Activity:
Repeat the data that follows exactly, starting at the line with "Только с 13" and ending at the line with "Группа людей у", and leave out every picture.

Dataset records:

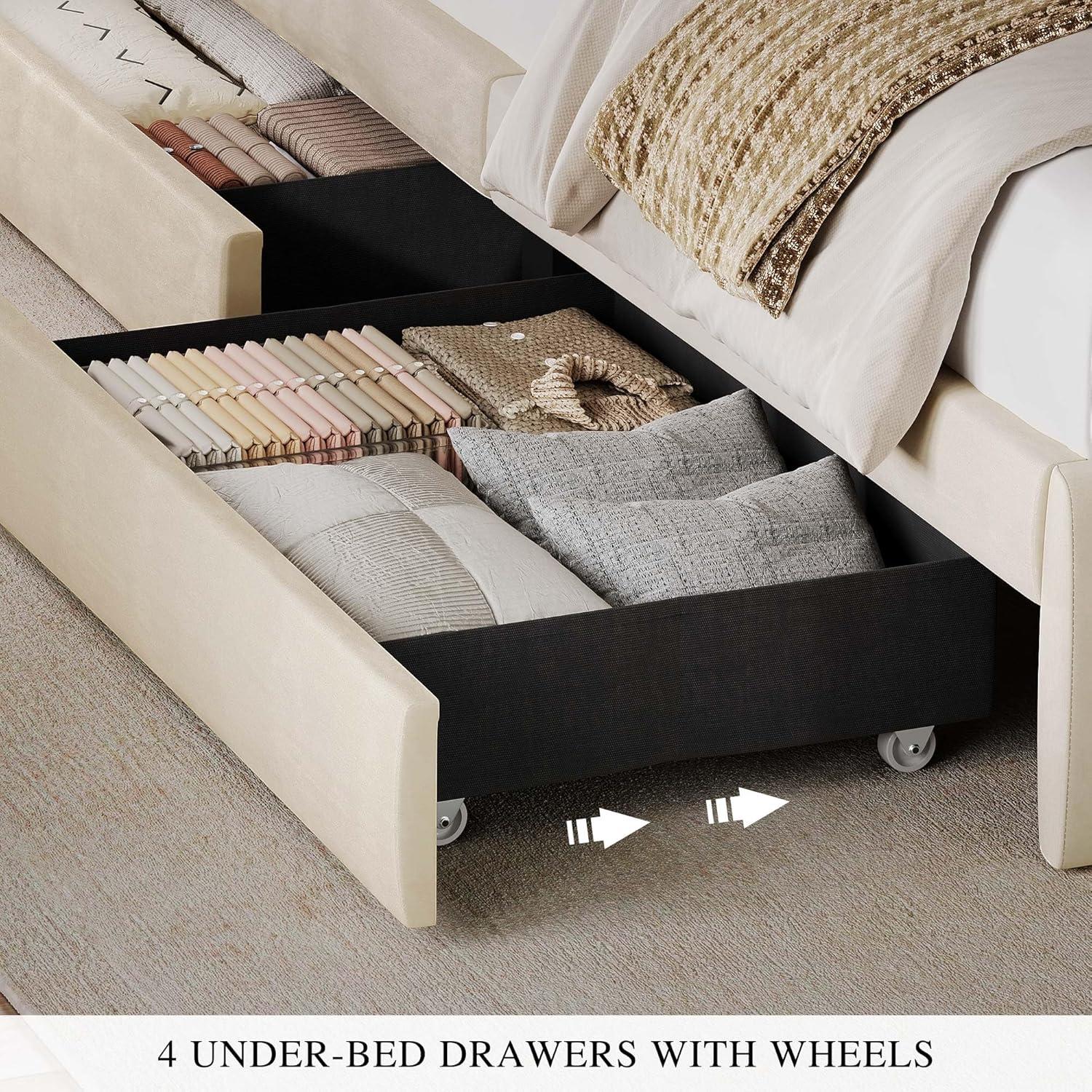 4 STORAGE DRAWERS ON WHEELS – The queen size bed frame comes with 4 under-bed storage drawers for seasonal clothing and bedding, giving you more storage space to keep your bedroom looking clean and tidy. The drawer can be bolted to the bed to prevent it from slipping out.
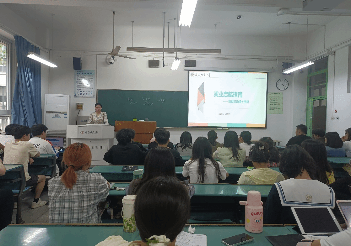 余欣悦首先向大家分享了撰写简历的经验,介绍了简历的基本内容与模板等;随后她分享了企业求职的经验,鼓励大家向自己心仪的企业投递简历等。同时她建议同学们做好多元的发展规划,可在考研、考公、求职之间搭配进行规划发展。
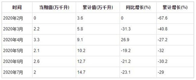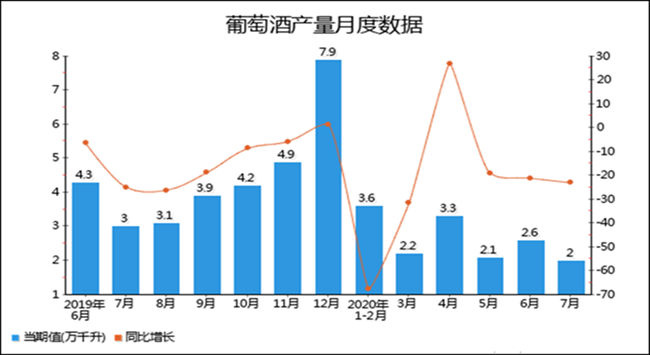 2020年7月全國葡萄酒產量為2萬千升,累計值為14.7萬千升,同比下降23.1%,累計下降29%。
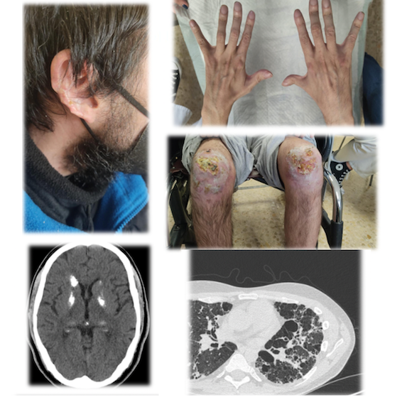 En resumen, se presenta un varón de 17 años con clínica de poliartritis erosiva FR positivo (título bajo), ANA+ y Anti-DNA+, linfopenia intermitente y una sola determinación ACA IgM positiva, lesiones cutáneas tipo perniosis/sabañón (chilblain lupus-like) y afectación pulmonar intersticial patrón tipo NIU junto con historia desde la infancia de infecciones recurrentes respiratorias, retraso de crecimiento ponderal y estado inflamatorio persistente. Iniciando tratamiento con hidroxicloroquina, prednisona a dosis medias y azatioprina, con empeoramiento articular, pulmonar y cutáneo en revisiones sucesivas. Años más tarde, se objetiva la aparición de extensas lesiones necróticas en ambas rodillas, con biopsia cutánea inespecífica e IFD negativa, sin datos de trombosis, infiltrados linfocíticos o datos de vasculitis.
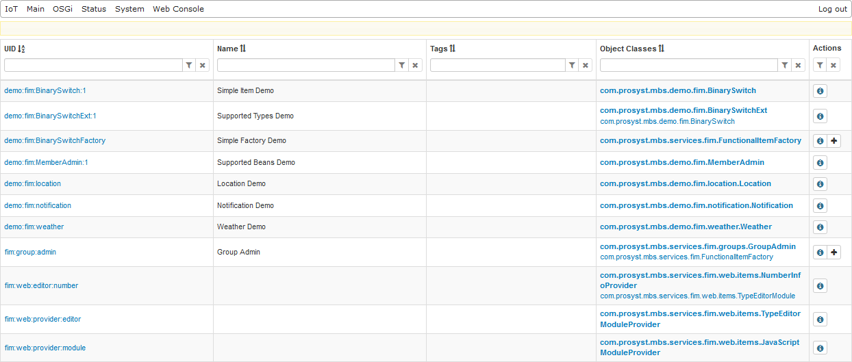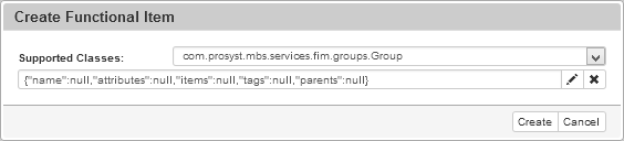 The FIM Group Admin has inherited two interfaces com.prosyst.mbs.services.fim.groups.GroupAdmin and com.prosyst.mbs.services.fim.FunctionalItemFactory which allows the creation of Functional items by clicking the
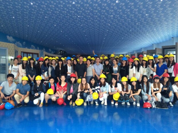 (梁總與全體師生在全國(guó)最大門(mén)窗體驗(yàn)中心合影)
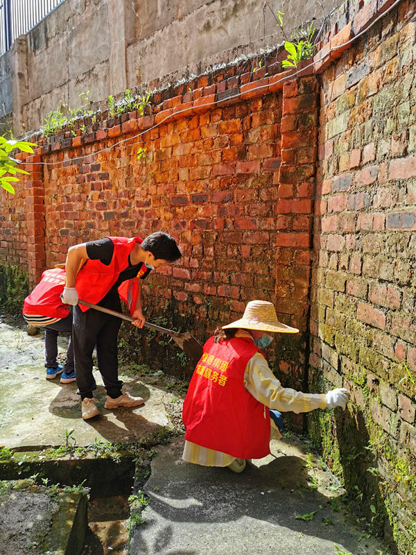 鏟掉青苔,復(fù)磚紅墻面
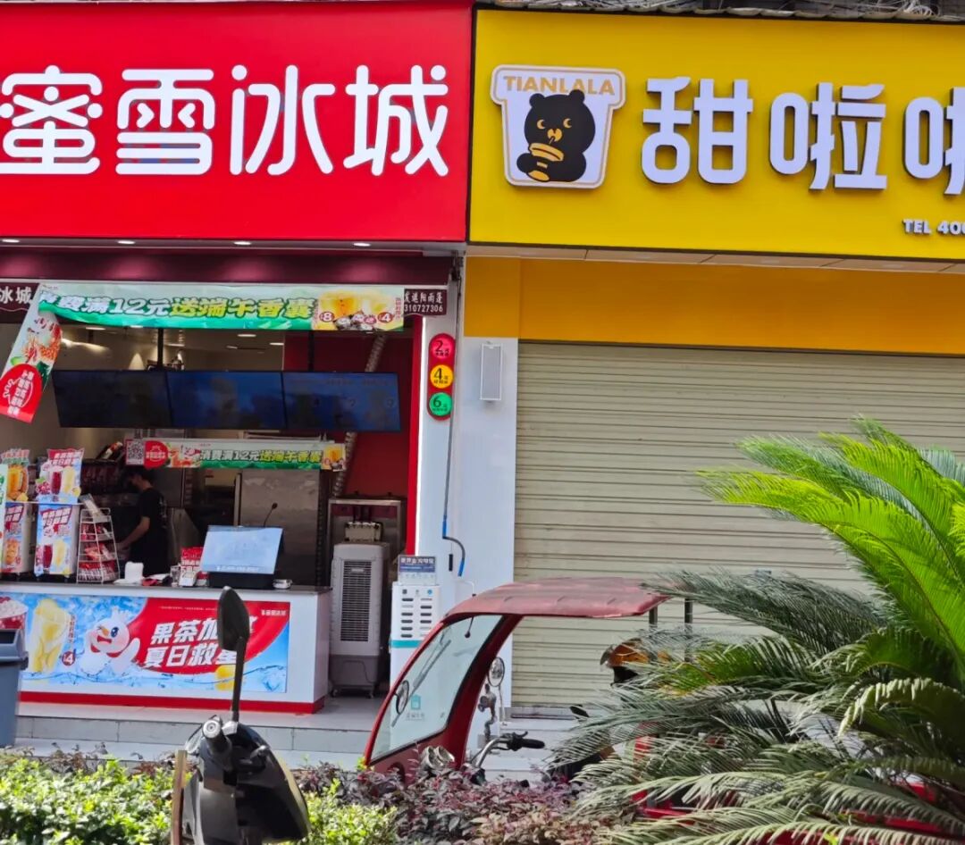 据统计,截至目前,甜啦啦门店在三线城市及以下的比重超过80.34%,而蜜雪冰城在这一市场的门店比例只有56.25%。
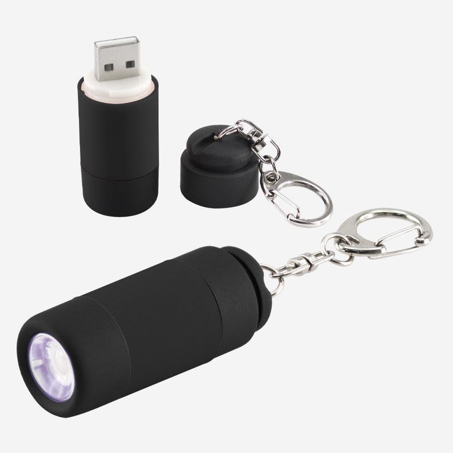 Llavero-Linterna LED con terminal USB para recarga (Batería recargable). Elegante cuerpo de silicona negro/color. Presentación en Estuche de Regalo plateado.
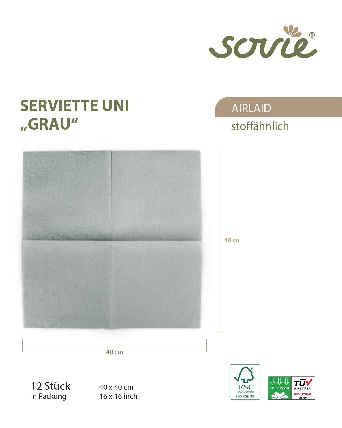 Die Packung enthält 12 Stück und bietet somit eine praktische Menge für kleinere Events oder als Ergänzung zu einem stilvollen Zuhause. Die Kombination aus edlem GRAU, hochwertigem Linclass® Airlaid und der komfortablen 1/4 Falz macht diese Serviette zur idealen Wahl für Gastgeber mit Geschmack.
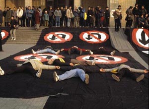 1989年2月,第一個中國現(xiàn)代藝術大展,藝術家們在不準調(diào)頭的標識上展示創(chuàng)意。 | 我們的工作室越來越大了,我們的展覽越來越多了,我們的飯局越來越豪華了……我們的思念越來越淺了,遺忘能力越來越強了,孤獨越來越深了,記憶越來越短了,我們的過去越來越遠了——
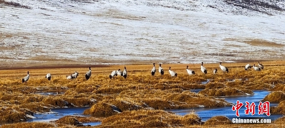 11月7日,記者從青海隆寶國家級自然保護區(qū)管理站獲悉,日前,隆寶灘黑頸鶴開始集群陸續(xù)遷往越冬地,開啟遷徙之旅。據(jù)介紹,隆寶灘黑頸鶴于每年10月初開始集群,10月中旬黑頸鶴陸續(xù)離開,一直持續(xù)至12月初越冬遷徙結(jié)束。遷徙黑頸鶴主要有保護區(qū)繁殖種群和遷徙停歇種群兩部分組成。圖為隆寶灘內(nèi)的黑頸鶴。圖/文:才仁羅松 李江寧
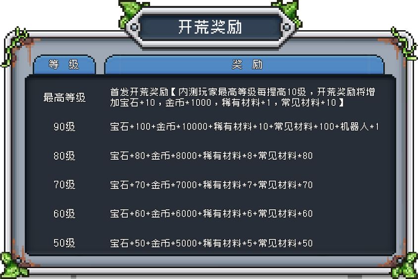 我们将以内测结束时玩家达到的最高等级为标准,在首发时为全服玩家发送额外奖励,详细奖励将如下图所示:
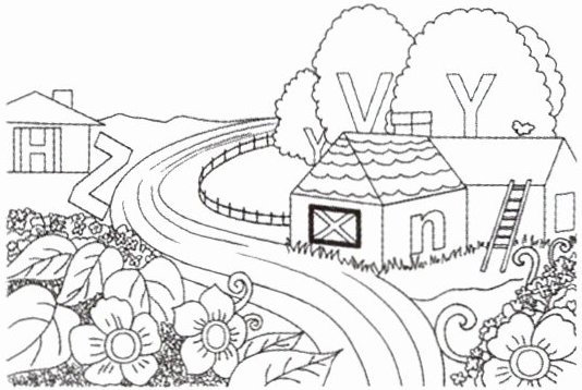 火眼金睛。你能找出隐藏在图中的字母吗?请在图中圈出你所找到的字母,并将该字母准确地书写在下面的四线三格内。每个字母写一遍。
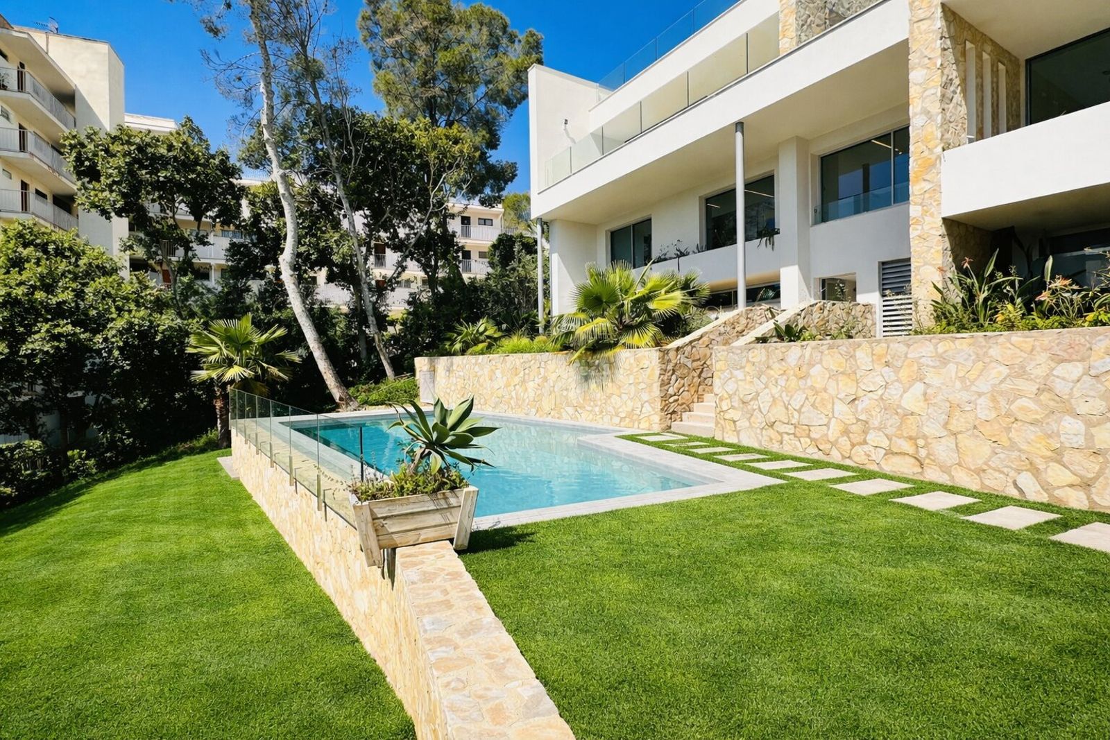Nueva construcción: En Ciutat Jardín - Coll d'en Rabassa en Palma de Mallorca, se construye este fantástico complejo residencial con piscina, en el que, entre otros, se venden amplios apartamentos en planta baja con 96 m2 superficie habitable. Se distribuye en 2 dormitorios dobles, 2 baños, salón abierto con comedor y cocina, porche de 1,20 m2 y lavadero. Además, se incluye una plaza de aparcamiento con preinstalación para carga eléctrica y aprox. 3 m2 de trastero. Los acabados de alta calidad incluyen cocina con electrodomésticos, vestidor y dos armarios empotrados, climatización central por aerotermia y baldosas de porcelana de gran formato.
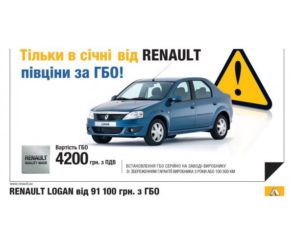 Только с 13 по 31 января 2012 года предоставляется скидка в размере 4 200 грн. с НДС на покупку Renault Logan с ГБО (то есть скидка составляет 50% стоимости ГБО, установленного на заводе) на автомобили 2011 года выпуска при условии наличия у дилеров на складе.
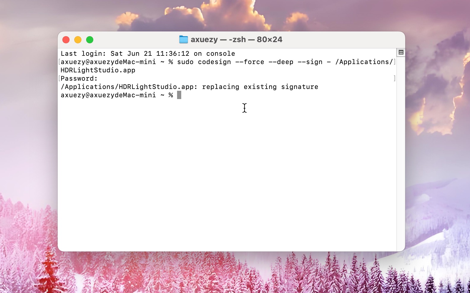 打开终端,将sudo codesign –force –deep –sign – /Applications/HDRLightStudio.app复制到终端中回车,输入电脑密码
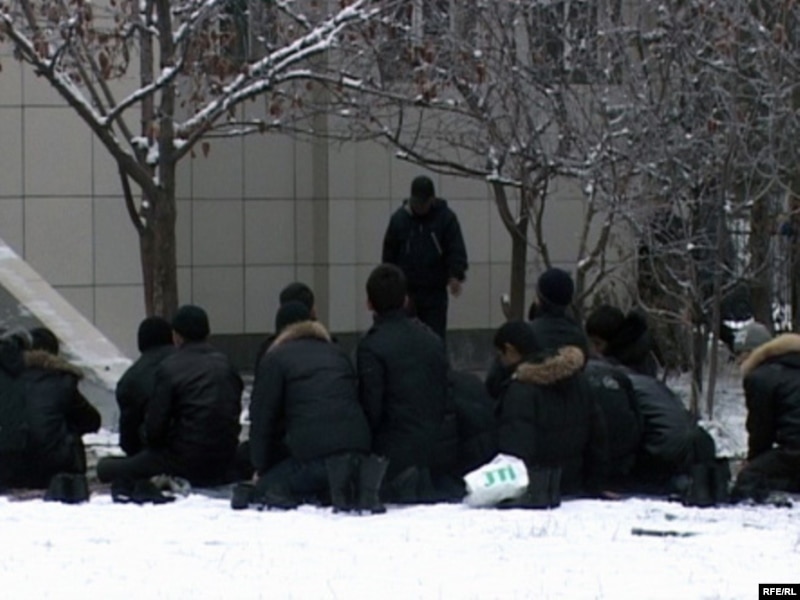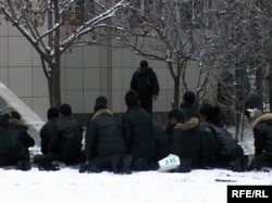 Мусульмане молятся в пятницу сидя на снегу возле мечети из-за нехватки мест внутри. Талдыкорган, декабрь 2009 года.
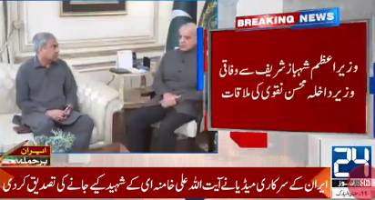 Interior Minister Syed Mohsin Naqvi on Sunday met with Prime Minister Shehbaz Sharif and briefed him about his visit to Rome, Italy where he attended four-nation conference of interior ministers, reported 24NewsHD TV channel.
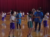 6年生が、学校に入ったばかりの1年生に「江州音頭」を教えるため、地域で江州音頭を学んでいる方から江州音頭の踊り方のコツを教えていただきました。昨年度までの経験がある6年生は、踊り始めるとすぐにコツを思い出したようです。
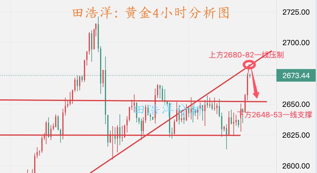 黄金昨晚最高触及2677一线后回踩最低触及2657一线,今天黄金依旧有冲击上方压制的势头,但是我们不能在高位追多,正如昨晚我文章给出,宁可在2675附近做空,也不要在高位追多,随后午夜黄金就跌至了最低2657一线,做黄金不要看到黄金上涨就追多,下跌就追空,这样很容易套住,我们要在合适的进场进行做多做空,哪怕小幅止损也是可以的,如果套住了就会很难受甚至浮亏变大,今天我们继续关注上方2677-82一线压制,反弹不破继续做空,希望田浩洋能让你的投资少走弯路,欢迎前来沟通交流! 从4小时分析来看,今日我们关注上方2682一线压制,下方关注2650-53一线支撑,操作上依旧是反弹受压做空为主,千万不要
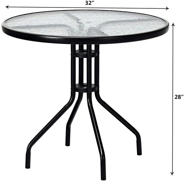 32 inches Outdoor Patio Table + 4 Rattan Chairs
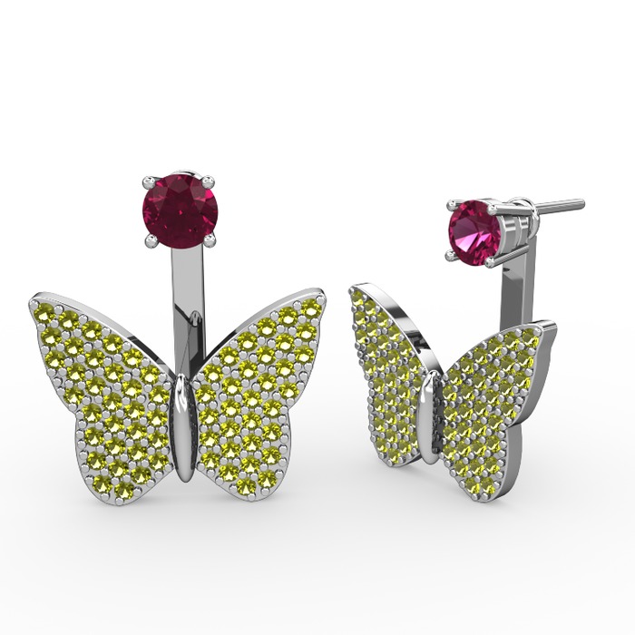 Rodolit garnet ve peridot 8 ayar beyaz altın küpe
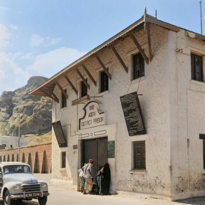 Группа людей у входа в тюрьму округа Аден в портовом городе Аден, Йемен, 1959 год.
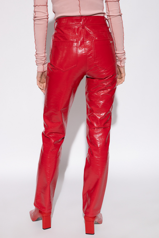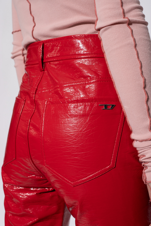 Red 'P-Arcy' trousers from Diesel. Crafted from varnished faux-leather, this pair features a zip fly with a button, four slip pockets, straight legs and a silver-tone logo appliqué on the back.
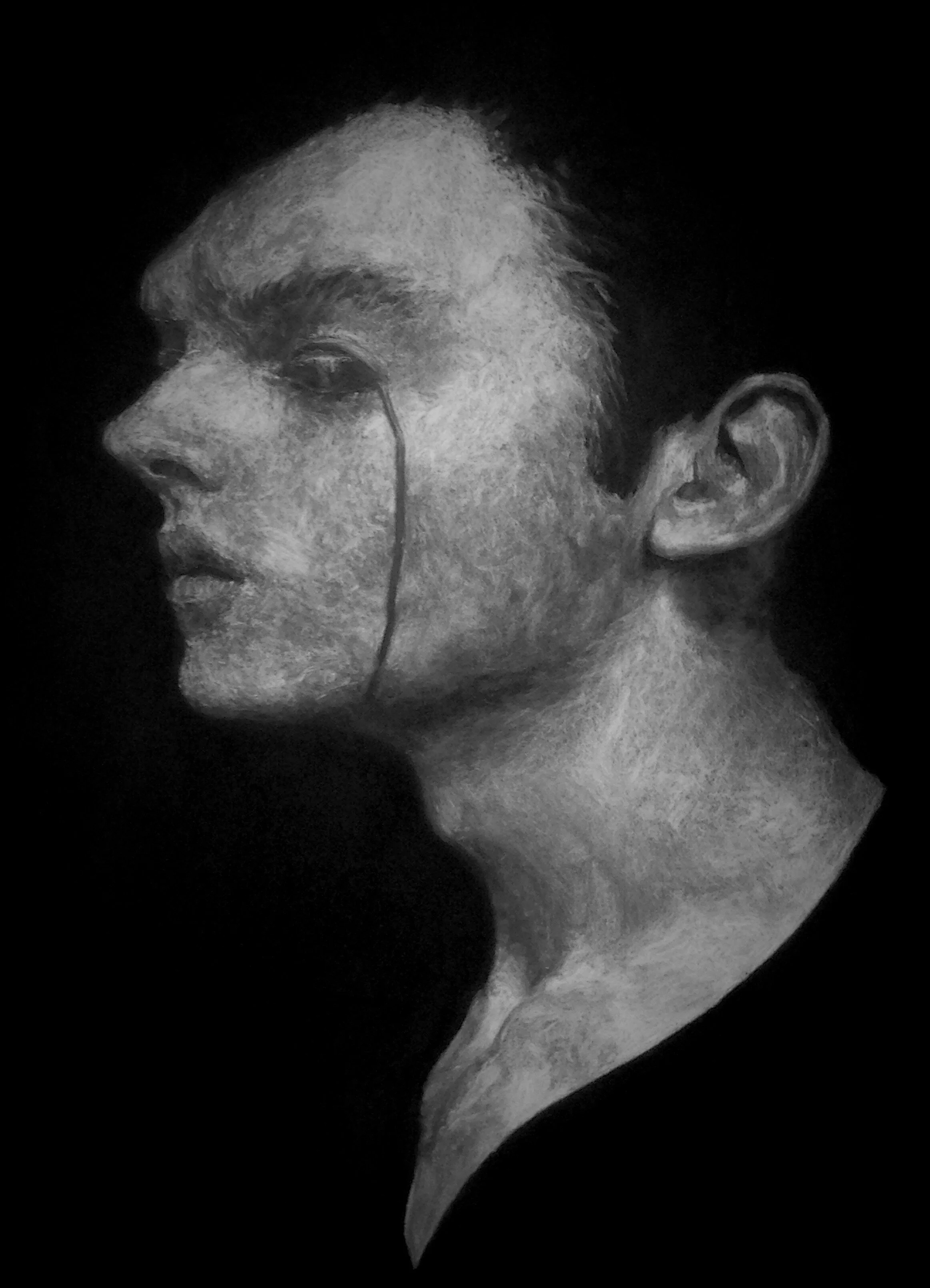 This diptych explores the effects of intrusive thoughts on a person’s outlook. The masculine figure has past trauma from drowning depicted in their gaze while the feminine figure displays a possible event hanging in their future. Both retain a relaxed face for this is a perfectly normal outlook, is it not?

Response below:
 Только с 13 по 31 января 2012 года предоставляется скидка в размере 4 200 грн. с НДС на покупку Renault Logan с ГБО (то есть скидка составляет 50% стоимости ГБО, установленного на заводе) на автомобили 2011 года выпуска при условии наличия у дилеров на складе.
 打开终端,将sudo codesign –force –deep –sign – /Applications/HDRLightStudio.app复制到终端中回车,输入电脑密码
 Мусульмане молятся в пятницу сидя на снегу возле мечети из-за нехватки мест внутри. Талдыкорган, декабрь 2009 года.
 Interior Minister Syed Mohsin Naqvi on Sunday met with Prime Minister Shehbaz Sharif and briefed him about his visit to Rome, Italy where he attended four-nation conference of interior ministers, reported 24NewsHD TV channel.
 6年生が、学校に入ったばかりの1年生に「江州音頭」を教えるため、地域で江州音頭を学んでいる方から江州音頭の踊り方のコツを教えていただきました。昨年度までの経験がある6年生は、踊り始めるとすぐにコツを思い出したようです。
 黄金昨晚最高触及2677一线后回踩最低触及2657一线,今天黄金依旧有冲击上方压制的势头,但是我们不能在高位追多,正如昨晚我文章给出,宁可在2675附近做空,也不要在高位追多,随后午夜黄金就跌至了最低2657一线,做黄金不要看到黄金上涨就追多,下跌就追空,这样很容易套住,我们要在合适的进场进行做多做空,哪怕小幅止损也是可以的,如果套住了就会很难受甚至浮亏变大,今天我们继续关注上方2677-82一线压制,反弹不破继续做空,希望田浩洋能让你的投资少走弯路,欢迎前来沟通交流! 从4小时分析来看,今日我们关注上方2682一线压制,下方关注2650-53一线支撑,操作上依旧是反弹受压做空为主,千万不要
 32 inches Outdoor Patio Table + 4 Rattan Chairs
 Rodolit garnet ve peridot 8 ayar beyaz altın küpe
 Группа людей у входа в тюрьму округа Аден в портовом городе Аден, Йемен, 1959 год.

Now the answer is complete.